What do you do when you catch them?

Oct 30, 2006 18:21

Who: Nari, Essdara
Where: Lower Caverns, Kitchens
Comment: A few days after Dara and Nari's last encounter, Dara manages to track her down. Of course, she doesn't quite know what to do once she /has/ her, but she gives a valient effort.



It is quite late in the evening, and the caverns have mostly calmed down. There are still a few people out and about, moving from baths to dorms or heading off for night duties for those unlucky enough to have them. Coming out of the dorms against the flow of traffic comes Essdara. Tonight, she is clad in a simple and light pair of breeches with a matching shirt, both in a pale blue. As she makes ehr ay into the caverns proper, her eyes cast about as if looking for someone.

Nari has tucked herself in a corner, trying to get herself a cup of klah. She's managed to get a mug, she's also just trying to juggle an arm-ful of hides and the klah pot as she pours. This is what we call a recipe for disaster.

Essdara grins, a feral little smile that shows entirely too much pleasure at finding her prey. Whatever spy network it is the cook has, it's served her well as she approaches the overburdened greenrider. Coming up beside her, she is careful to do her best to not startle the woman as she speaks. "Can I give you a hand, Nari? Pour for you, or hold those hides?"

Nari looks up and flashes a thankful smile. "Dara, hi." She surrenders the cup, keeping a hold of the hides for now. "You're a lifesaver, thank you." Nari throws the other girl a few curious looks, brief as they are, they're frequent.

Essdara accepts the cup and claims the pot of klah, and carefully applies one to the other. After handing it back to the greenrider, she pours another for herself and wraps her fingers around it, turning to watch her companion. "Been hoping to run into you, but the kitchens have been keeping me plenty busy of late. How are you holding up, with everything? Feeling any better about things?"
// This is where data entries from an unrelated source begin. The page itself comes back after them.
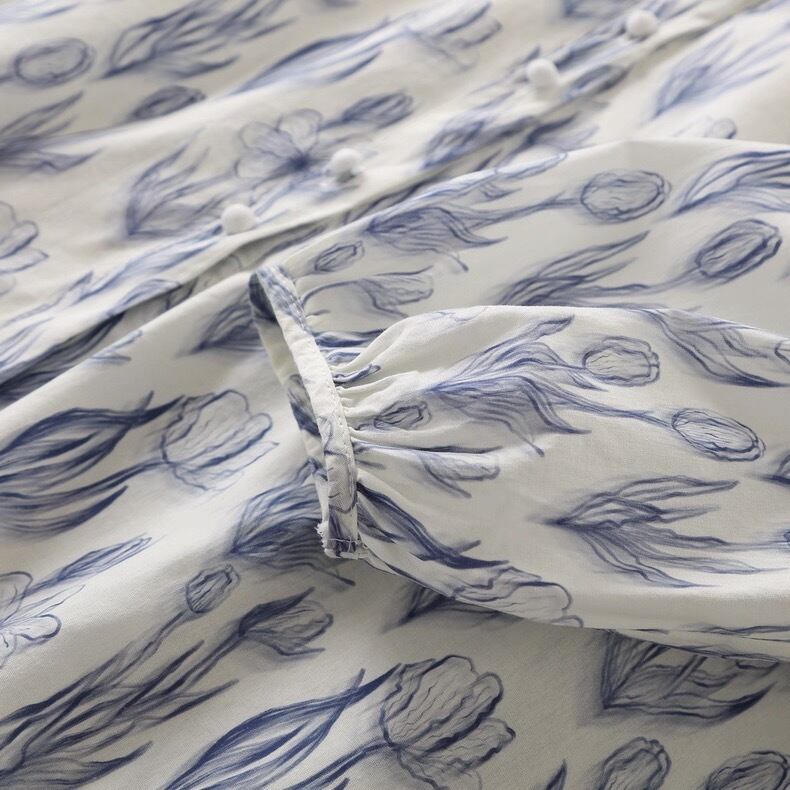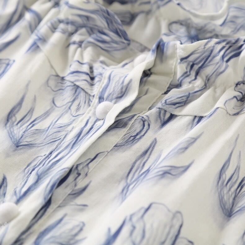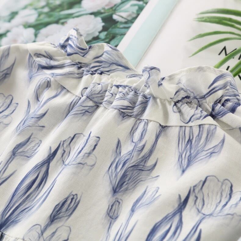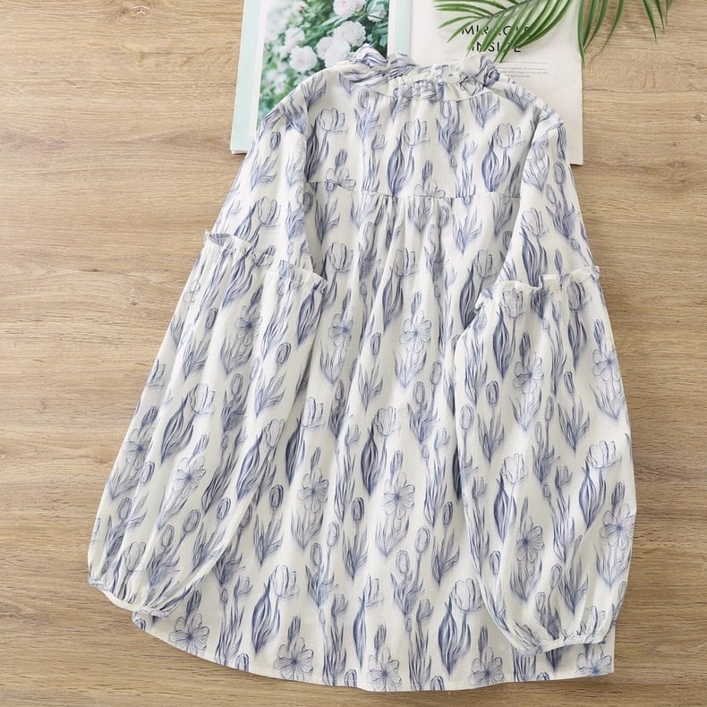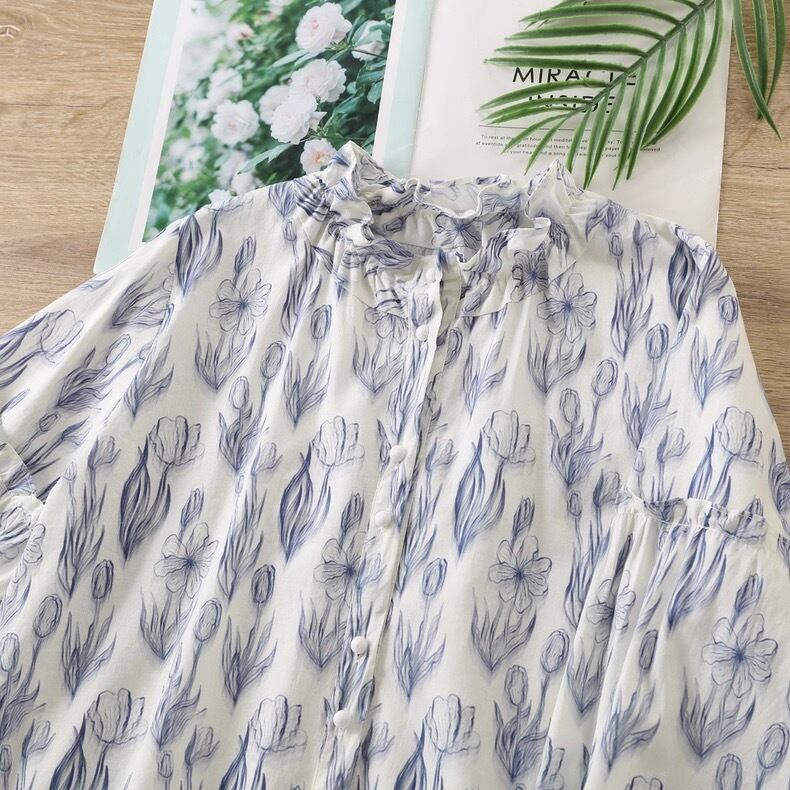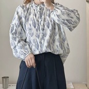 襟元のフリルがさりげなく華を添える、ブルーフローラル柄のブラウス。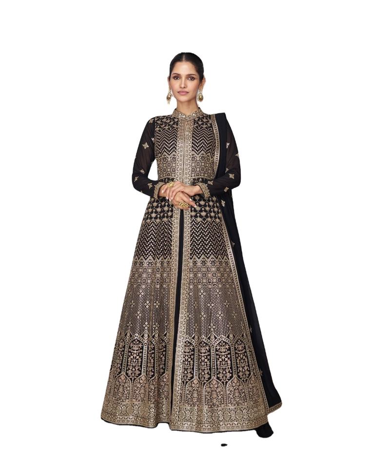 Vestido Anarkali de trabajo de secuencia de bordado de Georgette de imitación de diseñador más reciente de Fab Zone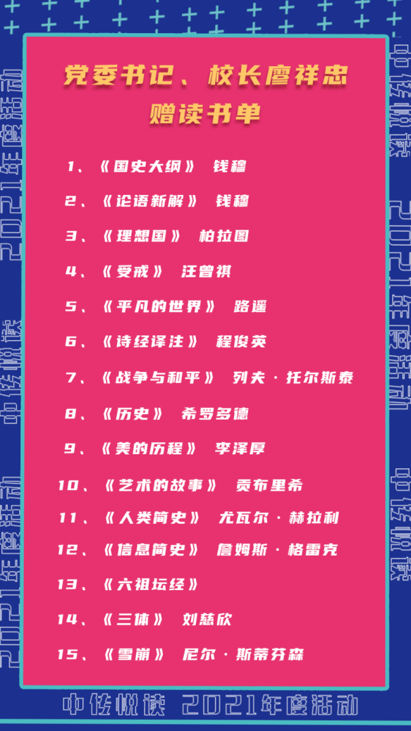 2020年2月,我校与得到文化传播有限公司签订协议,设立中国传媒大学“得到读书奖学金”,每年评选出40位“爱读书、会读书、读好书”的本科生同学,为其颁发荣誉证书和奖学金。今年是“得到读书奖学金”设立的第二年,来自16个本科学院的近600位同学提交了读书笔记,展现了我校学生极大的阅读热情与思考领悟能力;中传悦读·2021年度活动由中国传媒大学教务处协力党委宣传部、图书馆、校传媒教育基金会联合举办,鼓励同学们以书为友、以文为伴,将“悦”读理念内化于心、外化于行。设立“得到读书奖学金”、举办“中传悦读”系列活动进一步推进了校园文化建设,是全面提升学生文化素养,落地、落实新文科、新工科建设的重要举措。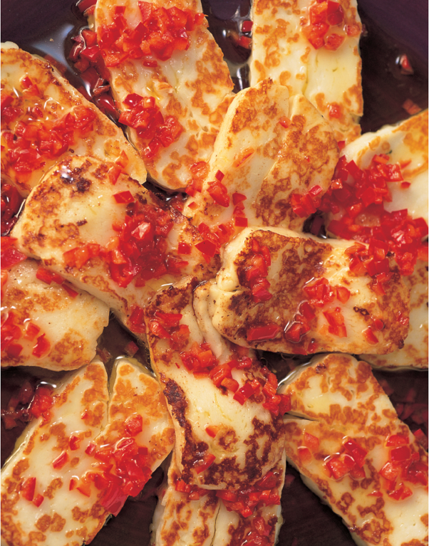 Method. Mix the chopped chilli and olive oil in a small bowl or cup and leave the flavours to deepen while you cook the cheese. I use a non-stick frying pan for this, without any oil, and just give the cheese slices about 2 minutes a side until they're golden-brown in parts. When all the slices of halloumi are cooked, transfer them to a couple.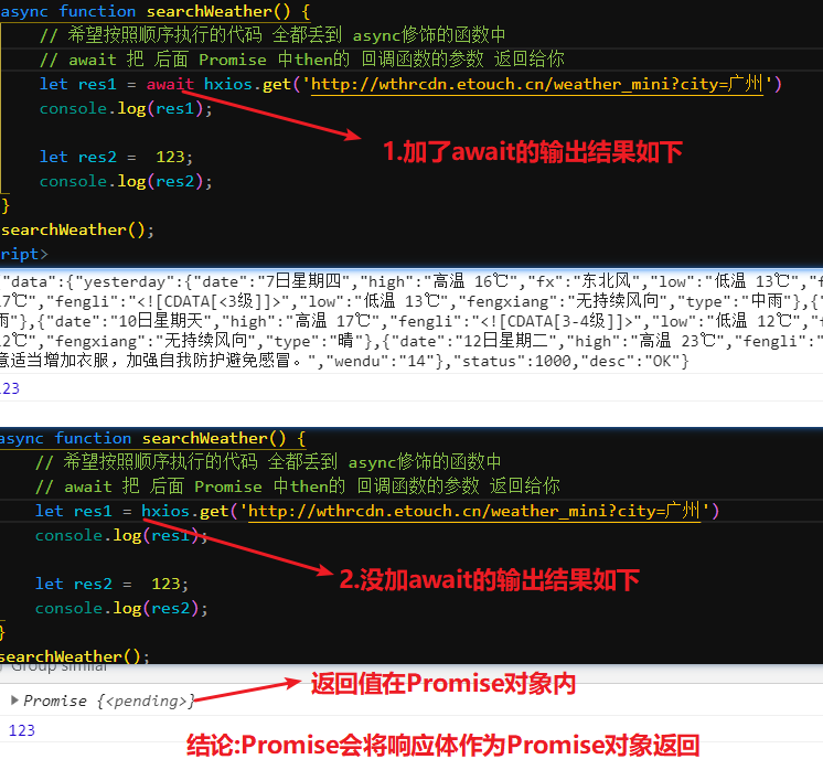 调用上述Promise封装的AJAX+async/await进行天气查询:

There's a faint sigh and a shrug from Nari. "Enh. Got into it a bit with Vanya. Had the misfortune of running across her while on a drunken hike. Don't ask." Nari shakes her head. "And just in case you /were/ wondering, alcohol and excercise don't work too well. No. Not really. Anyway, like I said, she and I got into it a bit."

Essdara makes a face. "Alcohol doesn't work very well with anything, I am finding. I'm sorry you had an arguement with her. She's a nice girl, but I think everything that's been going on has been really hard on her." A small smile for her. "But I am sure it was nothing you couldn't handle, drunk or not." A glance around, "Headed anywhere in particular? I don't want to hold you up."

"Er, no. Not a big argument. Mostly I told her she was full of crap because she kept insisting that I was being small minded and that I should give D'ven a chance to declare his undying love for me." Nari's opinion on the likelihood of that happening is plain in her tone. "And no, I've got no where to be. Aida asked me to find her at some point, but I figure I'll let her be for tonight."

Essdara grins. "Oh, good. Then, if you don't mind of course, I will claim you for a while." A glance around, considering possibilities. "I won't say it's impossible he would, and I won't say you shouldn't talk to him. But it isn't something I'd pin my hopes on. That... It'd be like someone telling me I should keep hoping Roa will decide she likes girls. It would be far too easy to go back to pining for her." She looks over at Nari, "And you deserve more than faint hopes and crushed feelings when it comes out he doesn't." She turns, towards the enterance to the stores. "Come with me, have a late snack and a very small glass of wine?"

"Trust me, Dara. I'm not harboring any delusions in that respect." Nari confirms with a faint smile. "And you can steal me if you'd like. She does look a little curious, heading towards the stores with the other girl.

*** They move to the kitchens. ***

Essdara leads Nari through the stores and into the kitchens. At this time of night, they are mostly abandoned. The hearths are banked and the only food going seems to be a pot of stew over some warm coals, just enough to keep the food warm. Once there, Dara leads her over to the small, secluded table the cooks tend to eat at. "Sit, while I get things?" She offers. Not waiting to see if Nari does, she moves away. A basket is procured from one of the ovens, and a skin is taken from where the better wines are stored. She returns after a moment, sitting down next to Nari, and offers the basket - carob coated nuts tonight, it would seem. "Been worried a bit about you. You seemed very unhappy the other day, at the waterfall. And... I wanted to make sure I didn't make things worse for you."

Nari does indeed sit and she offers a faint smile at Dara's words. "No. You didn't make anything worse." She can't fight the tiny blush that stains her cheeks in the dimmish light. "It was... a comfort. It was very nice... to feel wanted. In that sense." Shy, yes. Bashful even.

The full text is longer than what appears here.